There is a PowerShell cmdlet in Office Web Apps 2013 that is called Repair-OfficeWebAppsFarm. This command is sounding way better than it actually is. It will not repair anything, it will remove all Unhealthy servers, and nothing more. So unless you have fixed the issues mentioned above, you will have no WAC machines after running that cmdlet. Just a tip…

Summary

Having an Healthy Office Web Apps Server 2013 farm is important. You should constantly monitor the Health status of each and every Office Web Apps Server machine, and if found Unhealthy fix it. Most likely you don’t have a valid certificate for your Office Web Apps Server 2013, one that contains the load balanced name and all the individual server names, and thus you will always have an Unhealthy farm.
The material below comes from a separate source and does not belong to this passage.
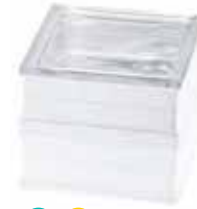
BG 1919/16 60F CLEARVIEW CODE: T076

Get a new certificate for it, so that you can properly monitor the farm.

25 Comments

  • James said

    Great post! I ran in to the same WCF issue after two different installs and this post would have saved me a lot of troubleshooting time.

  • Gnett said

    Excellent post. This resolved my issue - I had more or less ignored it since the OWA worked without issue (except for one strange error I received once - I will post at the end). In my case I installed HTTP activation for .NET 4.5 as in your post and restarted WACSM. The machine reported as healthy after a while. I followed the technet article to install the IIS components via PowerShell, so I guess this was missing?
    http://technet.microsoft.com/en-us/library/jj219455.aspx

    Add-WindowsFeature Web-Server,Web-WebServer,Web-Common-Http,Web-Static-Content,Web-App-Dev,Web-Asp-Net,Web-Net-Ext,Web-ISAPI-Ext,Web-ISAPI-Filter,Web-Includes,Web-Security,Web-Windows-Auth,Web-Filtering,Web-Stat-Compression,Web-Dyn-Compression,Web-Mgmt-Console,Ink-Handwriting,IH-Ink-Support

    Oh, the strange error message I received was when attempting to open an Excel workbook - I wish I could post the image :-)
    "Sorry, we're having a problem showing this workbook".
    Details - "We don't know exactly what happened, we just know that something went wrong".

    Going to get a T-Shirt printed with this message.

  • Wictor said

    @Gnett, glad you got this working. Could you send me a copy of the WAC ULS logs and Event Viewer logs to wictor at wictorwilen dot se and I'll see if I can spot any Excel issues.

  • Gnett said

    I can if you still want, but I forgot to mention that the issue happened exactly once. When I immediately tried again, I was able to access the workbook without incident.

  • Pat Richard said

    I've run up against this issue, and looks like it's the cert issue. So, the question is - what about FQDNs that are not publicly routable names, like wacserver.contoso.local?

  • Trevor said

    This is a great article, but when Pat Richard asked about FQDNs like wacserver.contoso.lcoal, you responded to just have the CA add the names. That is no longer possible. CAs will not issue local names. I can't remember exact year (2014, 2015) that it takes affect, but when you are like me and by certs for 3, 4, or 5 years or more it is already impossible.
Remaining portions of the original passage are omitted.